Use the "distance" key to get the decay distances (in KB, so multiply by 1000 to get bp). Upstream decay is [0], downstream is [1]. Note, upstream and downstream is relative to the gene's strand:

upstream_range = litemodel_params['distance'][0] * 1000

Next we find the idx the gene we wish to analyze to lookup TSS-peak distances:

gene_idx = np.argwhere(atac_data.uns['distance_to_TSS_genes'] == 'LEF1')[0,0]

The distance between every peak and every gene TSS is stored in adata.varm['distance_to_TSS'], which is a sparse matrix of (n_peaks x n_genes). We index on our gene of interest to get a vector of all the distances between peaks and that gene's TSS:

relevant_peaks = atac_data.varm['distance_to_TSS'].T[gene_idx] #

Peaks which are upstream have distance > 0, downstream are < 0. This line finds all peaks which are within 3*decay rate upstream of the TSS:

upstream_peaks = (relevant_peaks.data < 3*upstream_range) & (relevant_peaks.data > 0)

Then, we use the mask from the step above to index on the atac_data matrix to get the peak locations:

atac_data.var.iloc[ relevant_peaks.indices[upstream_peaks] ]

All together:

litemodel_params = litemodel.get_model('LEF1').get_normalized_params()
upstream_range = litemodel_params['distance'][0] * 1000
gene_idx = np.argwhere(atac_data.uns['distance_to_TSS_genes'] == 'LEF1')[0,0]
relevant_peaks = atac_data.varm['distance_to_TSS'].T[gene_idx]
upstream_peaks = (relevant_peaks.data < 3*upstream_range) & (relevant_peaks.data > 0)
atac_data.var.iloc[
    relevant_peaks.indices[upstream_peaks]
]
shaistamadad commented 2 years ago

thanks very much for this.

I get an error when I try to find index for the given gene in the atac_data.uns["distance_to_TSS_genes"]

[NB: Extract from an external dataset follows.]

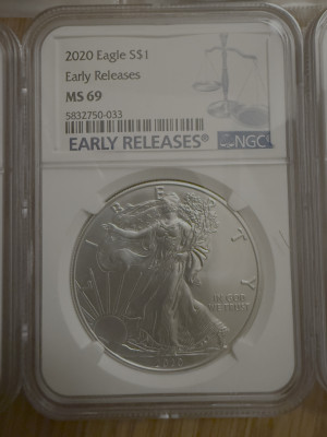 - (2) 2020 $1 Silver Eagle - NGC MS 69 Early Releases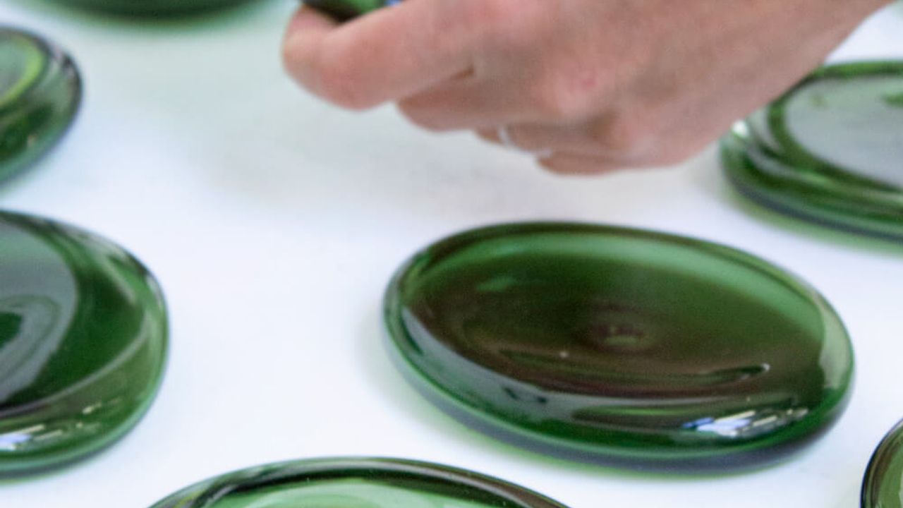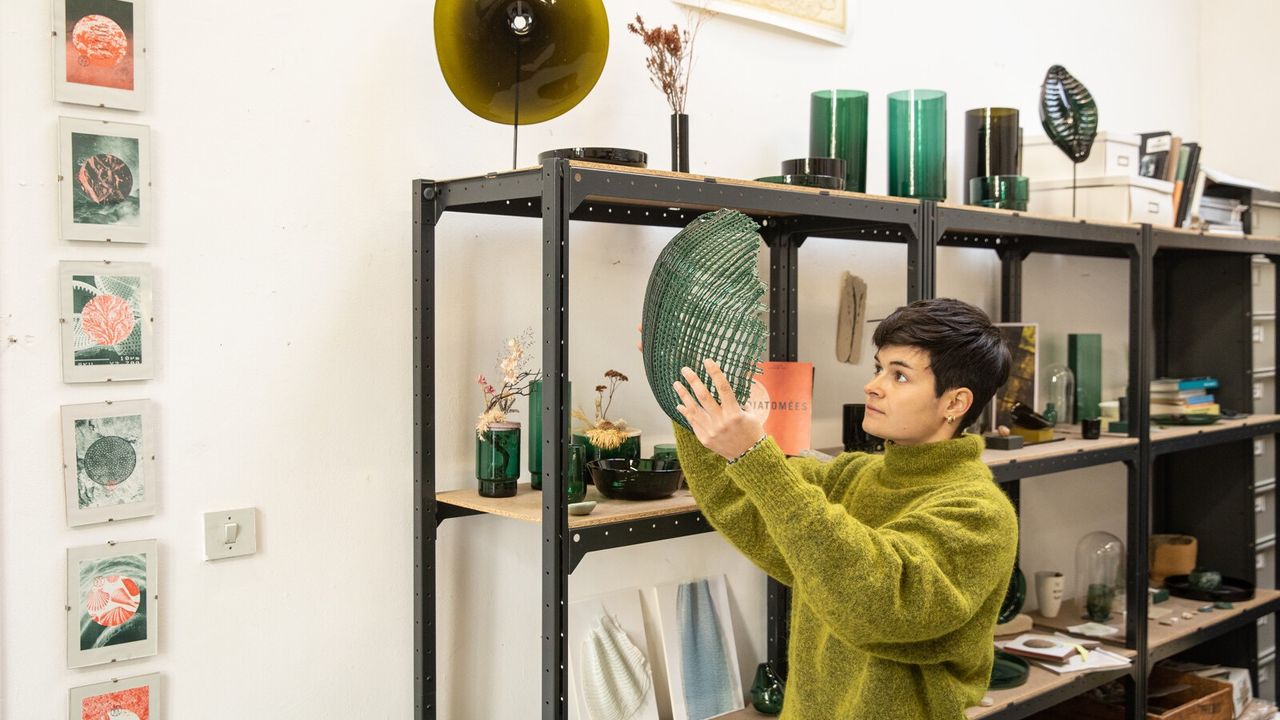 Depuis 2014, Lucile Viaud développe un travail de recherche plastique autour de l’eau, des littoraux et des ressources marines. Elle invente le verre marin Glaz — du vieux breton glas, nuance située entre le vert et le bleu pour décrire les couleurs changeantes de la mer en Bretagne — à partir de microalgues et de coproduits coquillers, notamment des coquilles d’huîtres et d’ormeaux.

gene_idx = np.argwhere(atac_data.uns['distance_to_TSS_genes'] == 'LEF1')[0,0]

IndexError: index 0 is out of bounds for axis 0 with size 0

This gene is present in the gene list in both rna and atac TSS:

if "LEF1" in atac_data.uns['distance_to_TSS_genes']:
    print("gene is present")
AllenWLynch commented 2 years ago

You may be using different names for you genes? Could LEF1 be lowercased in your TSS annotations?